Did everyone miss the IPCC doomsday report?

Photo by Arnaldo Fragozo

A collective ‘what more can I do’ point may have been reached
By Matthew Fraser, Opinions Editor

Maybe it’s just latent COVID fatigue or a doomsday weariness, but it doesn’t seem like the engines of humanity are turning over with the threat of climate change.

Recently, the Intergovernmental Panel on Climate Change (IPCC) released a report stating that the previous goals set in the Paris Climate Accord are out of reach and that the global average temperature will rise by at least 1.5◩ Celsius by 2040. This basically ensures that large swaths of the Middle East will become uninhabitably hot, flooding may shrink the liveable areas in the Caribbean and Southeast Asia—and this means mass immigration will likely ensue. I think this is nothing short of a doomsday prediction, yet somehow it has largely flown under the radar.

Maybe it’s just latent COVID fatigue or a doomsday weariness, but it doesn’t seem like the engines of humanity are turning over with the threat of climate change. Could it be that we have all resigned ourselves to paper straw and reusable bag subterfuge of climate activism knowing all well that it means next to nothing compared to the non-adjustment from the commanding heights of society? Have people just given up on the possibility of climate and world rehabilitation when we collectively face housing unaffordability and billionaire space races?
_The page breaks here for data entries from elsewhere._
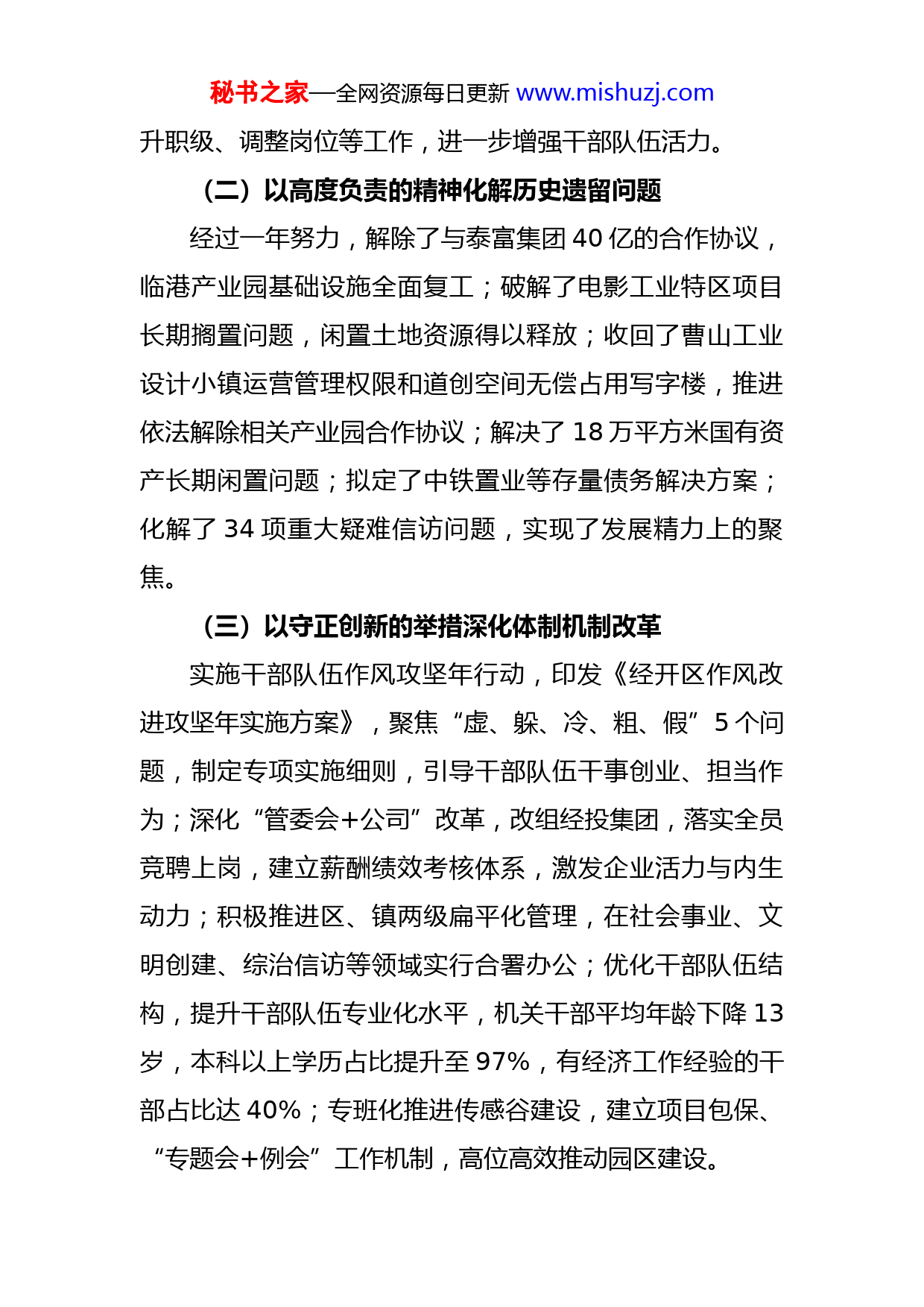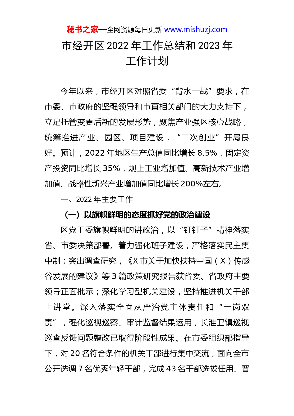 秘书之家—全网资源每日更新www.mishuzj.com市经开区2022年工作总结和2023年工作计划今年以来,市经开区对照省委“背水一战”要求,在市委、市政府的坚强领导和市直相关部门的大力支持下,立足托管变更后新的发展形势,聚焦产业强区核心战略,统筹推进产业、园区、项目建设,“二次创业”开局良好。预计,2022年地区生产总值同比增长8.5%,固定资产投资同比增长35%,规上工业增加值、高新技术产业增加值、战略性新兴产业增加值同比增长200%左右。一、2022年主要工作(一)以旗帜鲜明的态度抓好党的政治建设区党工委旗帜鲜明的讲政治,以“钉钉子”精神落实省、市委决策部署。着力强化班子建设,严格落实民主集中制;突出调查研究,《X市关于加快扶持中国(X)传感谷发展的建议》等3篇政策研究报告获省委、省政府主要领导正面批示;深化学习型机关建设,坚持推进机关干部上讲堂。深入落实全面从严治党主体责任和“一岗双责”,强化巡视巡察、审计监督结果运用,长淮卫镇巡视巡查反馈问题整改已取得阶段性成果。在市委组织部指导下,对20名符合条件的机关干部进行集中交流,面向全市公开选调7名优秀年轻干部,完成43名干部选拔任用、晋秘书之家—全网资源每日更新www.mishuzj.com升职级、调整岗位等工作,进一步增强干部队伍活力。(二)以高度负责的精神化解历史遗留问题经过一年努力,解除了与泰富集团40亿的合作协议,临港产业园基础设施全面复工;破解了电影工业特区项目长期搁置问题,闲置土地资源得以释放;收回了曹山工业设计小镇运营管理权限和道创空间无偿占用写字楼,推进依法解除相关产业园合作协议;解决了18万平方米国有资产长期闲置问题;拟定了中铁置业等存量债务解决方案;化解了34项重大疑难信访问题,实现了发展精力上的聚焦。(三)以守正创新的举措深化体制机制改革实施干部队伍作风攻坚年行动,印发《经开区作风改进攻坚年实施方案》,聚焦“虚、躲、冷、粗、假”5个问题,制定专项实施细则,引导干部队伍干事创业、担当作为;深化“管委会+公司”改革,改组经投集团,落实全员竞聘上岗,建立薪酬绩效考核体系,激发企业活力与内生动力;积极推进区、镇两级扁平化管理,在社会事业、文明创建、综治信访等领域实行合署办公;优化干部队伍结构,提升干部队伍专业化水平,机关干部平均年龄下降13岁,本科以上学历占比提升至97%,有经济工作经验的干部占比达40%;专班化推进传感谷建设,建立项目包保、“专题会+例会”工作机制,高位高效推动园区建设。秘书之家—全网资源每日更新www.mishuzj.com(四)以二次创业的决心推动重大项目突破今年新开工建设希磁科技产业园一期等亿元以上项目14个;目前在建重点项目34个,其中产业类项目14个,总投资146亿元。总投资50亿元的8英寸MEMS晶圆生产线项目顺利通过国家发改委窗口指导。总投资10亿元的6英寸MEMS晶圆扩能项目(5000片)部分设备正在安装调试,预计明年上半年达产;总投资11亿元的融薇科技6英寸MEMS晶圆生产线项目全套生产设备已运抵X,正在开展厂房装修改造;总投资5亿元的仙芈智造新型智能功率模组(IPM)研发生产基地、芯动联科MEMS封装测试生产及研发项目正加快建设,计划年底前正式投产。总投资20亿元的传感谷EPC一期40万方标准化厂房项目正在加快建设,首批6万方标准化厂房年内建成交付;EPC二期9.9亿元中标单位正进场搭建临舍;比亚迪追加投资10亿元,其中总投资3.5亿元的pack包项目正式投产,总投资6.5亿元的电解液、介质回收等项目即将开工;总投资5亿元的奥福精密陶瓷产业园即将投产。(五)以专业精准的打法扩大双招双引成效推动省级开发区核准范围移区和主导产业变更,确定智能传感器、非金属新材料、装备制造为3大主导产业,大力推进基金招商、平台招商、产业链招商。与北京深赛创业投资管理有限公司和蚌投集团合作设立的1亿元智能秘书之家—全网资源每日更新www.mishuzj.com传感器投资基金、与皖投集团合作设立的5亿元智能传感器产业基金正在加快推进。今年以来累计引进智能传感器器件孵化中试线、希磁科技产业园一期等优质产业链上下游项目32个,总投资147亿元,其中10亿元以上项目4个,50亿元以上项目1个,初步形成了以华东光电集成器件、芯动联科、中科米微为主的研发设计,以北方电子、华鑫微纳、融薇科技为主的晶圆制造,以希磁科技、禹芯半导体、仙芈智造为主的封装测试,以芯智达、金诚聚、中科九衡为主的终端应用为一体的智能传感器全产业链体系和以弗迪电池、奥福环保、大力熊为代表的新能源新材料产业集群。(六)以办就办好的力度推动社会事业进步大力实施安居保障工程。今年以来共实施兰凤家园B、C地块等5个安置房项目建设,共计7354套。其中,兰凤家园B区C区、龙湖嘉园三期、淮光新型城镇化项目南区已竣工,总建筑面积87.2万平方米,总投资27.13亿元,安置住宅6728套;继续实施卫教提质工程。新城临港分校9月顺利开学招生,首批在校生1000余人;长淮卫镇中心卫生院与X三院签订合作框架协议,深化紧密型医联体合作;实施农村人居环境整治和生态综合治理,加快推进公益性公墓、农村老年食堂、农村托幼所等场所建设,提高农民生活质量;织密疫情防控防护网,全区共设秘书之家—全网资源每日更新www.mishuzj.com置采样点18个,采样台36个,机动采样
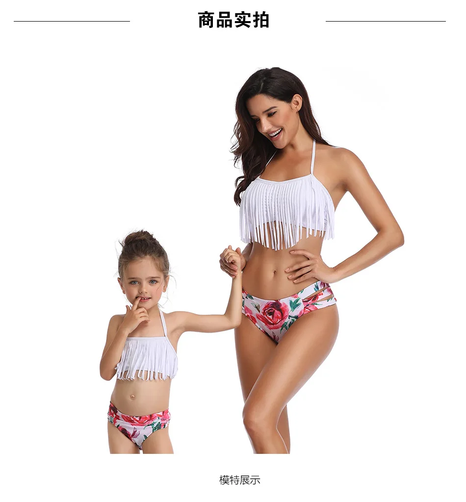 Купальник для матери и дочери с кисточками, сексуальный стиль, бикини, пляжная одежда, купальные костюмы, купальник для мамы и ребенка, семейный летний комплект
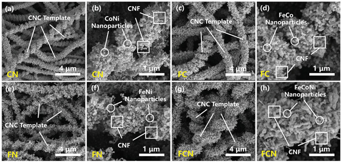圖二: CN, FC, FN, FCN復(fù)合材料的SEM圖像。
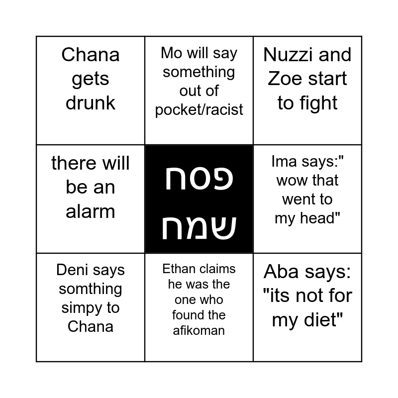 This bingo card has a free space and 10 words: Ethan claims he was the one who found the afikoman, Nuzzi and Zoe start to fight, Chana gets drunk, Aba says: "its not for my diet", there will be an alarm, Deni says somthing simpy to Chana, Mo will say something out of pocket/racist, Zoe complains that something is too spicy, Ima says:" wow that went to my head" and Nuzzi burps in the middle of the meal.
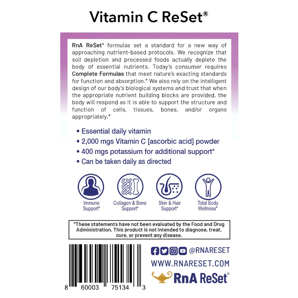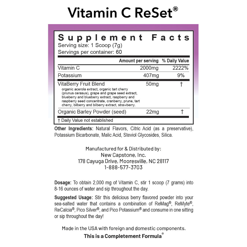 Vitamin C ReSet® v lahodnej, šumivej práškovej forme s príchuťou bobúľ. V 7 gramovej odmerke obsahuje 2 050 mg vitamínu C a 410 mg draslíka, takže je ľahké rozdeliť dávku na menšie porcie, aby ste získali lepšiu kontrolu nad svojím denným príjmom.

I suspect that it’s just impossible to be mobilized for action forever, and particularly when the mobilization was largely surface level and unconnected to the larger and more pollutant corporations. Maybe more people would love to grow food on their own property and limit their CO2 emissions, but the fact that they can’t get the space to do so, and it wouldn’t make much of a difference makes even the dream seem futile. The millions of kids who once followed Greta Thunberg into the streets have been lulled into passivity and back into their chairs by Fortnite and some other such distractor, and who could blame them? The entire world is built around consumption and entertainment, and nearly every product you buy claims to be good for the environment; sitting at home and recycling is just about the apex of what one can do for the environment if you’re not in charge of a multinational organization.

Maybe the reason people have become so silent is simply a “what more can I do?” view of environmental destruction. Taking the bus and trying to use the lowest watt everything is just about the edge of what every individual can do; any more comments on reducing carbon footprints is nearly a willful ignorance of the carbon freight train that underlies the rest of the system. This dejected silence may be the most rational choice of all.